Length distributions of annotated protein-coding genes in Vibrissaphora ailaonica, Homo sapiens, Danio rerio, Gallus gallus, Anolis carolinensis, Alligator sinensis, and Nanorana parkeri.

Gene functional annotation can help to elucidate gene function. Thus, we aligned all 26,227 protein-coding genes to protein databases, including InterProScan, KEGG, SwissProt, and TrEMBL. Results showed that most of the genes obtained could be annotated from these functional databases (Table 6).

Table 6:

Functional annotation for protein-coding genes in the mustache toad genome

Database Annotated gene No. (%)
Interpro 12,997 (49.56)
KEGG 10,035 (38.26)
SwissProt 12,410 (47.32)
Trembl 17,916 (68.31)

Phylogenetic tree and divergence time analysis

To reveal phylogenetic relationships between the mustache toad and other closely related species, we identified the single-copy genes among these species. First, protein sequences, including those of D. rerio (GCF_0 00002035.6) [26], N. parkeri (GCF_000 935625.1) [27], H. sapiens (GCF_0 00001405.38) [28], G. gallus (GCF_0 00002315.5) [29], Anolis carolinensis (GCF_00 0090745.1) [34], Xenopus tropicalis (GCF_0 00004195.3) [31], Rhinella marina (GigaDB) [35], Rana catesbeiana (GCA_0 022 84835.2) [36], Ambystoma mexicanum [37, 38], and Alligator sinensis (GCF_000 455745.1) [39], were downloaded from the NCBI. The longest transcript of each gene in each species was selected. BLASTP (BLASTP, RRID:SCR_001010, BLAST version: 2.2.24) was then used to align these protein sequences from the 11 species (including the mustache toad), with an e-value of 1e−5. Homology relationships (including orthologs and paralogs) were then determined using OrthoMCL software (v1.4) [40]. Genes with only 1 copy in the species were identified as single-copy genes. In total, 238 genes were identified (Fig. 5). Detailed statistics about gene families are shown in Additional Table S10.

Figure 5:

Figure 5:

The statistics of gene family among 11 species including Danio rerio, Rana catesbeiana, Rhinella marina, Vibrissaphora ailaonica, Nanorana parkeri, Homo sapiens, Gallus gallus, Anolis carolinensis, Xenopus tropicalis, Ambystoma mexicanum, and Alligator sinensis.

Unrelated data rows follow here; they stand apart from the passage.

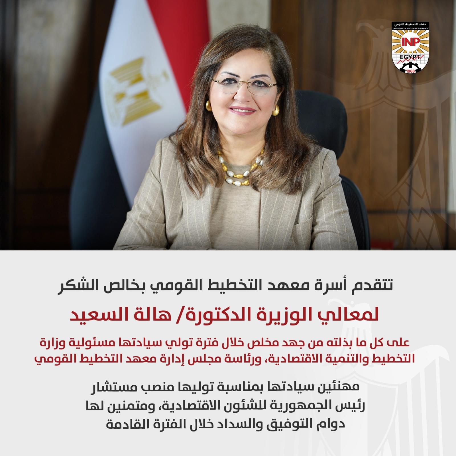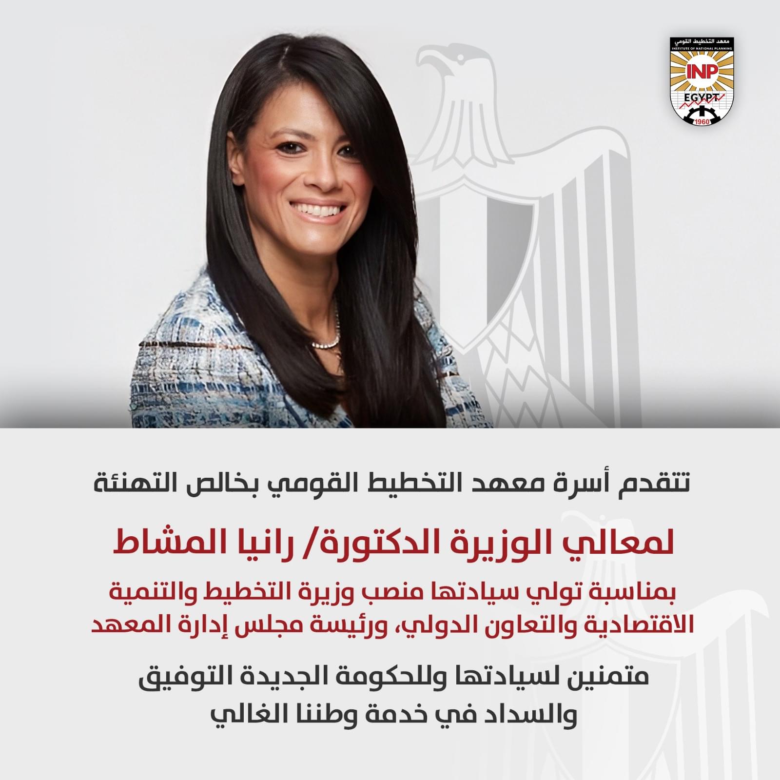 تتقدم أسرة معهد التخطيط القومي بخالص التهنئة لمعالي الوزيرة الدكتورة/ رانيا المشاط بمناسبة تولي سيادتها منصب وزيرة التخطيط والتنمية الاقتصادية والتعاون الدولي، ورئيسة مجلس إدارة المعهد متمنين لسيادتها وللحكومة الجديدة التوفيق والسداد في خدمة وطننا الغالي.
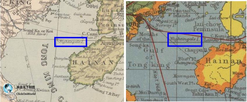 左图为1908年英国地图出版公司斯坦福公司绘制地图的北部湾部分,右图是1944年英国著名地图出版公司george philip & son.(菲利普父子出版公司)绘制的“远东战争示意图”。可以看到,直到二战时期,白龙尾岛的名字仍然被一些国家标注为“夜莺岛”。
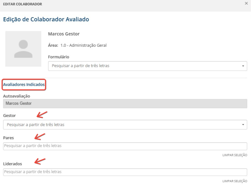 Na tela Edição de Colaborador Avaliado, na seção Avaliadores indicados, faça a inclusão dos avaliadores pesquisando pelo nome deles na barra de pesquisa:
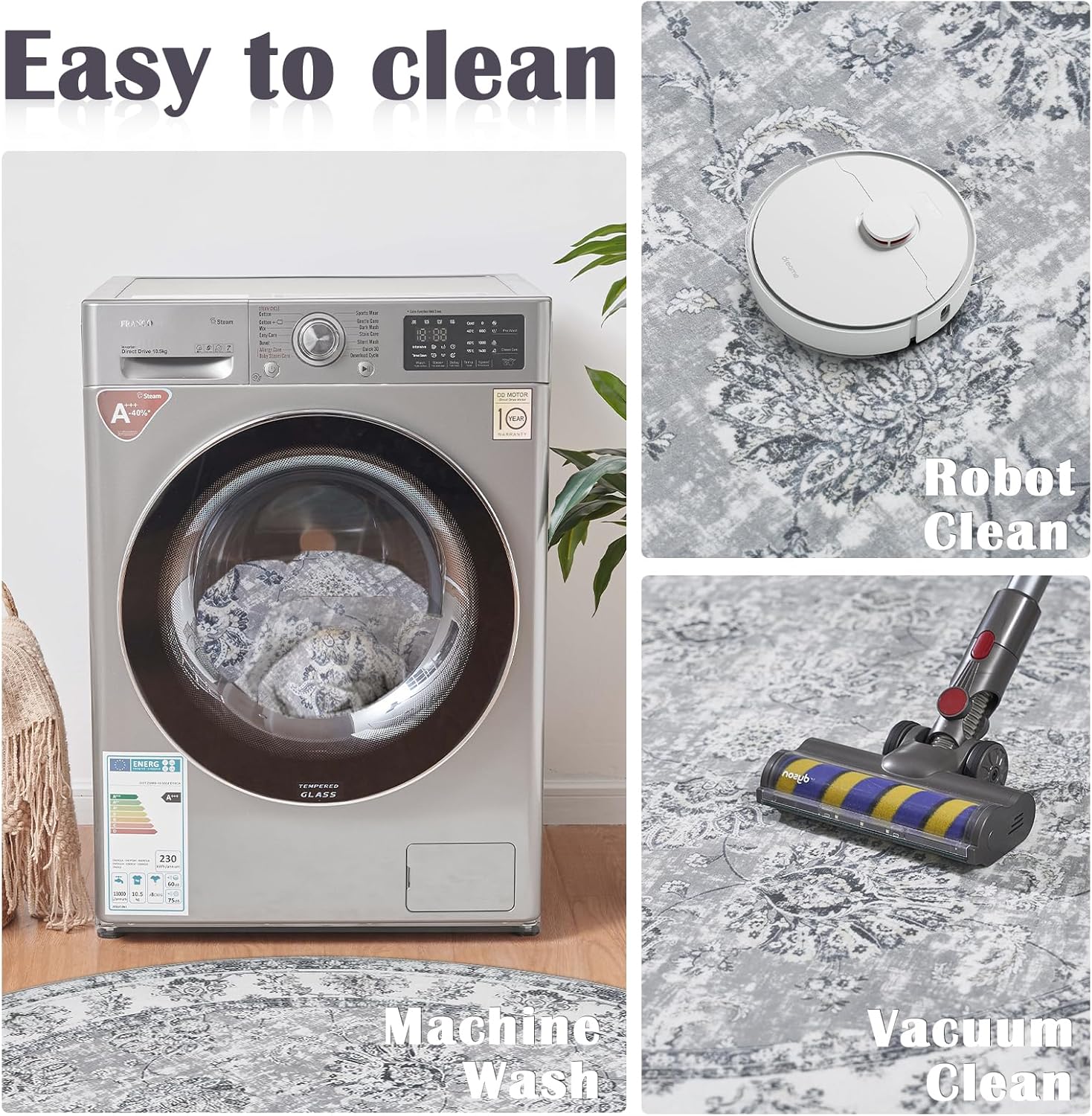 jinchan Round Rug 4ft Area Rug - Indoor Vintage Hallway Circle 4' Washable - Ultra-Thin Low Pile Soft Small Non Slip Distressed Floral Print for Living Room Dining Room Bedroom Entryway Grey
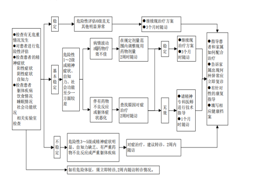 2.病情基本稳定患者。若危险性为1~2级,或精神症状、自知力、社会功能状况至少有一方面较差,首先应判断是病情波动或药物疗效不佳,还是伴有药物不良反应或躯体症状恶化,分别采取在规定剂量范围内调整现用药物剂量和查找原因对症治疗的措施,2周时随访,若处理后病情趋于稳定者,可维持目前治疗方案,3个月时随访;未达到稳定者,应请精神专科医师进行技术指导,1个月时随访。
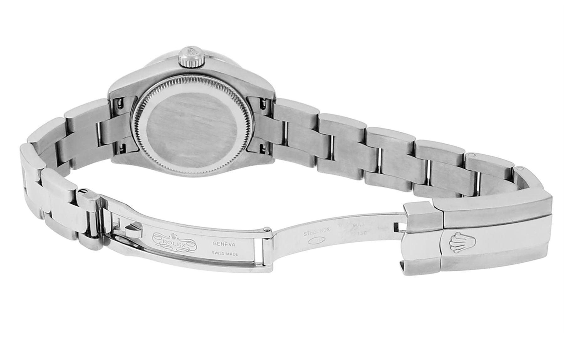 One Quickset Ladies Stainless Steel Rolex Datejust Polished Bright with Satin Finish, Serviced & Electronically Tested, Stainless Steel Case: 26mm, Stainless Steel Crown, Custom Bezel: New 18K White Gold Pyramid Diamond Bezel, Stone Count: 24 Diamonds On Bezel, Total Weight .50 Carat, Clarity: SI-VS, Color: G to H. Custom Crystal: New Scratch Resistant Synthetic Sapphire Cyclops Lens. Custom Hands: New Luminescent Hands. Movement: Automatic Winding Movement. Custom Dial: Refinished Single Cut Salmon String Diamond Dial, 43 Diamonds in Dial, G To H In Color, Clarity: VS. Date Window: 3 O'Clock Position Date Display, Model: 179160 Quickjset Sapphire Datejust. Condition: G-6 Extra Fine. Bracelet: Stainless Steel Oyster Band. Bright Polish & Satin Finish. 6.0 Inch Length, Adjustable. Standard Clasp, With Rolex Logo. This Watch Has Been Serviced Time Tested And Is In Excellent Condition It Is Free Of All Scratches And Dents.
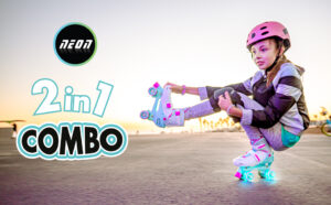 Yvolution Neon Combo Skates | 2-1 Quad and Inline Skates for Kids with LED Wheels | Adjustable Sizing (Green, 3-6)
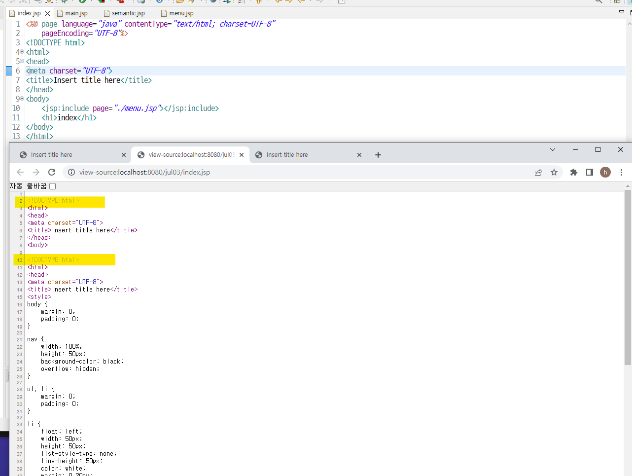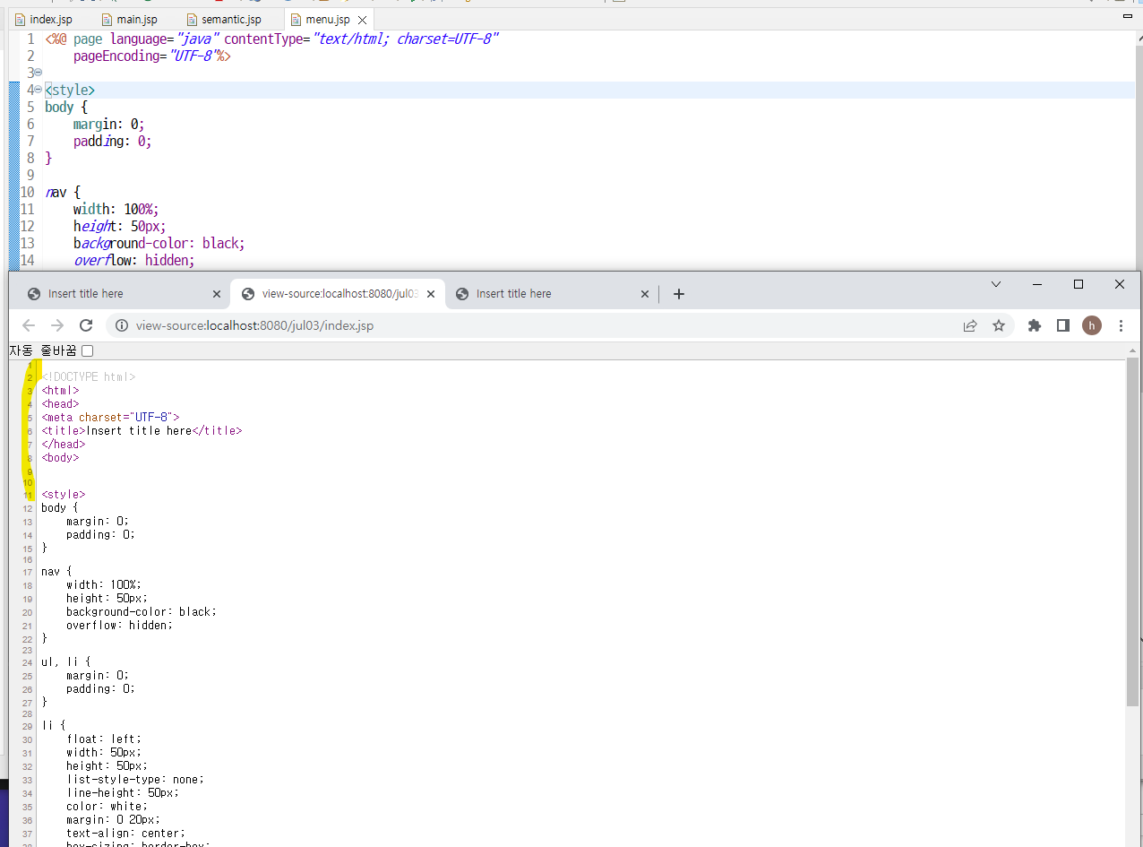 => menu.jsp 파일에서의 html코드는 삭제해주기!
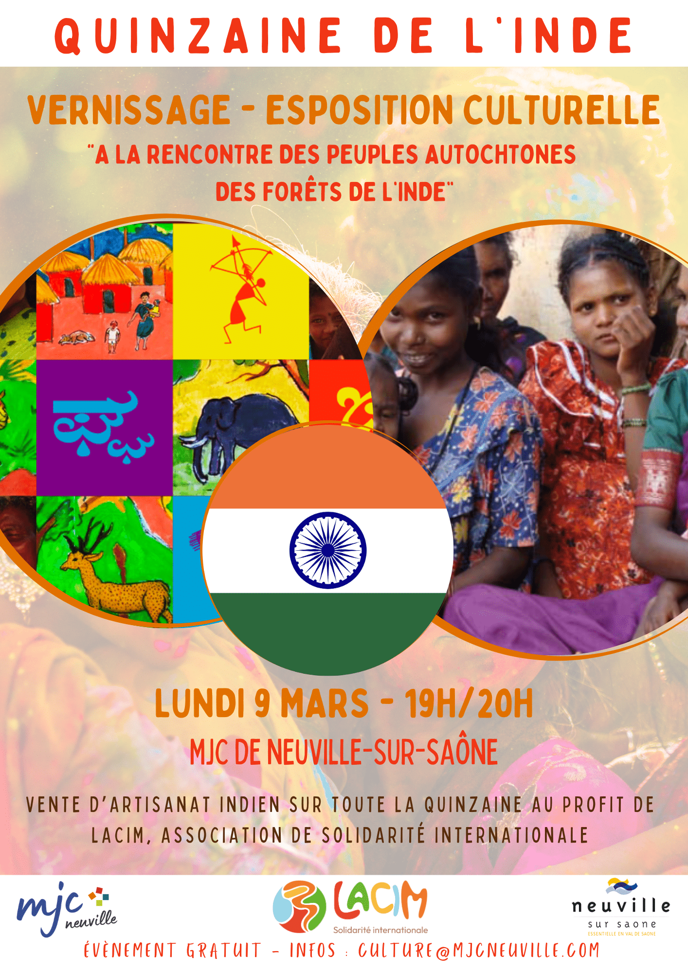 Dans le cadre de la Quinzaine de l’Inde, la MJC de Neuville-sur-Saône accueille le vernissage de l’exposition LACIM le lundi 9 mars.

The 238 single-copy genes were aligned using MUSCLE software (MUSCLE, RRID:SCR_011812, v3.8.31) [41, 42] and concatenated to supergenes for maximum-likelihood–based phylogenetic analyses. We performed phylogenetic analysis, with zebrafish as the outgroup, using RAxML software (RAxML, RRID:SCR_006086, v8.2.3) [43], with the parameter “-m” for PROTGAMMAAUTO. Results indicated that the mustache toad has a close relationship with the ancestor of the marine toad (R. marina), bullfrog (R. catesbeiana), and Tibetan frog (N. parkeri), with topological relationships in other clades found to be the same as reported previously (Fig. 6). To further investigate the divergence time of these species, especially toads and frogs, the MCMCTREE model (part of the PAML software package; PAML, RRID:SCR_014932, v4.8) [44] was used with 3 datasets (4-fold degenerate sites [4dTVs], first-codon sites, and second-codon sites) extracted from the single-copy genes as the input file. Fossil records were downloaded from the TIMETREE website [45] and used to calibrate the results. Results from the 3 different datasets were very similar, showing that the mustache toad diverged from the common ancestor of the marine toad, bullfrog, and Tibetan frog ∼206.1 million years ago (Fig. 6; Additional Figs S2 and S3).

Figure 6:

Figure 6:

The phylogenetic relationships among these species. The species including Danio rerio, Rana catesbeiana, Rhinella marina, Vibrissaphora ailaonica, Nanorana parkeri, Homo sapiens, Gallus gallus, Anolis carolinensis, Xenopus tropicalis, Ambystoma mexicanum, and Alligator sinensis. Blue numbers represent divergence time with 95% confidence interval. The red dot represents the fossil record used in the node.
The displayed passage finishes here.